New Study Finds Fewer Americans Than Ever Can Identify a Compact Car


Over the last hundred years or so, ever since Model T himself got up one day and invented the car, we have slowly gotten so used to cars in this country that we hardly bat an eye at driving to something over an hour away. That type of journey used to take days, sometimes even weeks, but we have become so complacent in our auto-centric world that we don’t even think about it any more. Apparently, due to thinking about our cars less, we have start to become unfamiliar with certain words and phrases. In fact, according to a new study, fewer Americans than ever can identify a compact car.


We spoke with some True Americans about this over the weekend, showing them pictures of different cars and asking them to identify them, hoping to prove our point that the study was wrong. Turns out, the worst is true and it might be even worse than we expected.


Jaime, 17. “A compact car? Wasn’t that called a compact disc back in the day, like a CD? My mom was born in the 80s so she taught me all about this stuff. So I guess if I had to choose from these 4 cars, I would say the big truck is the compact one. You could probably fit a bunch of CDs in there.”
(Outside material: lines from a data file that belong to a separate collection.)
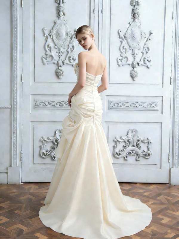 Classy Ruched Satin Wedding Prom Gown Strapless Sweetheart Neckline Mermaid Silhouette,WDH188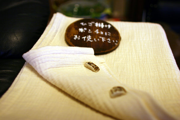 ボタンは裏の山で拾ったエゾ鹿の角。留めるとポンチョになります。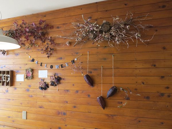 ハロウィンの季節ということで、先日の記事で紹介した綾野さんの布花が飾られているが、11月になるとまた次の作家さんにバトンタッチして、また違った模様が描かれる。年明けも予約がすでに入っているとの事。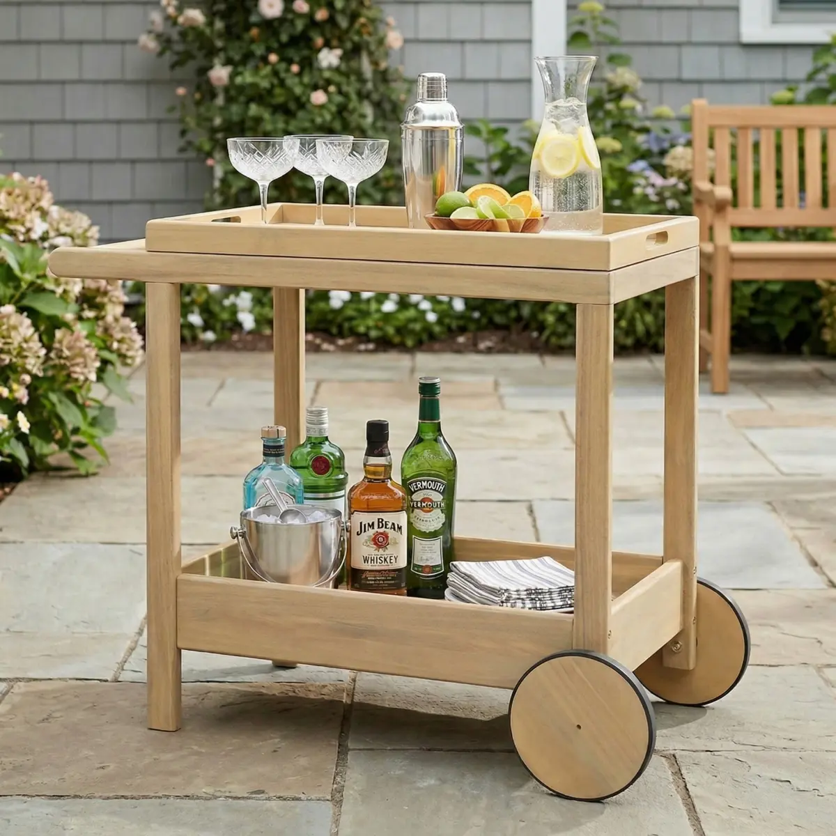 High - quality Material: This outdoor bar cart is made of acacia wood.Acacia wood is hard with beautiful grain, and has excellent weather resistance and corrosion resistance.It can easily cope with various complex outdoor weather conditions, is not prone to damage, and has a long service life.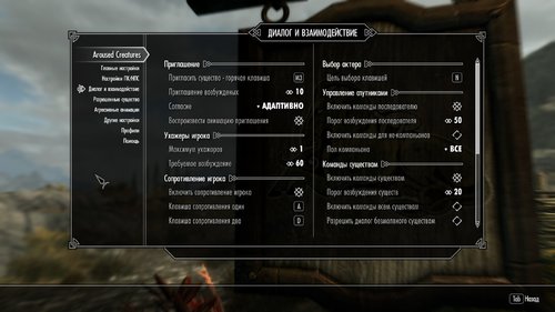 Совместимость: есть внутренняя совместимость с Defeat, Convenient Horses(совместимость функции диалога с конем). Так же работает с One With Nature и рекомендуется для взаимодействия с остальной дикой природой.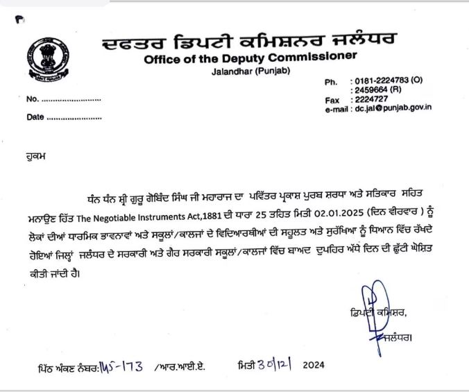 ਇਕ ਜ਼ਿਲ੍ਹੇ ਵਿੱਚ 2 ਜਨਵਰੀ ਦੀ ਅੱਧੇ ਦਿਨ ਦੀ ਛੁੱਟੀ Punjab ਦਸੰਬਰ 30, 2024ਦਸੰਬਰ 30, 2024Leave a Comment on ਇਕ ਜ਼ਿਲ੍ਹੇ ਵਿੱਚ 2 ਜਨਵਰੀ ਦੀ ਅੱਧੇ ਦਿਨ ਦੀ ਛੁੱਟੀ ਜਲੰਧਰ, 30 ਦਸੰਬਰ, ਦੇਸ਼ ਕਲਿੱਕ ਬਿਓਰੋ : ਜਲੰਧਰ ਜ਼ਿਲ੍ਹੇ ‘ਚ 2 ਜਨਵਰੀ 2025, ਵੀਰਵਾਰ ਨੂੰ ਅੱਧੇ ਦਿਨ ਦੀ ਛੁੱਟੀ (Half-day holiday) ਦਾ ਐਲਾਨ ਕੀਤਾ ਗਿਆ ਹੈ।

Claire, 25. “Hmm, OK. So I’m looking at these four pictures, right? And I want to say that one of them is the compact car, but I don’t know exactly which one that would be. I can wait here, stalling for time until I can figure this out, or I could tell you I already know what it is and give myself the air that I know what I am doing. Well, how about this? It’s the third one. HaHA! I figured it out while I was stalling. Take that, random survey. You just got Claire-d.” 


Julianne, 2. “Oh me? I’m just a baby.” 


Miguel, 42. “Listen bud, I’m making so much money with my cryptocurrency “Buzzbucks” that I don’t have time to learn the different types of cars. Small, big, compact, portable, these words are meaningless to me. All I need to know is the color and my Uber drive will call me when he realizes I’m colorblind and just guide me to the vehicle. You guys are living in the past, I’m living in the now.” 


Hansen, 35. “I could have sworn I knew what a compact car was, but looking at this picture I’m not so sure. Have I been parking in the wrong spots this whole time? What a fool I must have seemed to all the random strangers at the Barnes & Noble. A fool! Ugh. I must go revoke my membership and begin the long process of forgetting I ever lived that life. I am truly, truly ashamed.”


Georgina, 20. “Listen, I don’t care.” 


Turns out, none of them got a single question correct. In fact, at one point we forgot we had even asked for questions.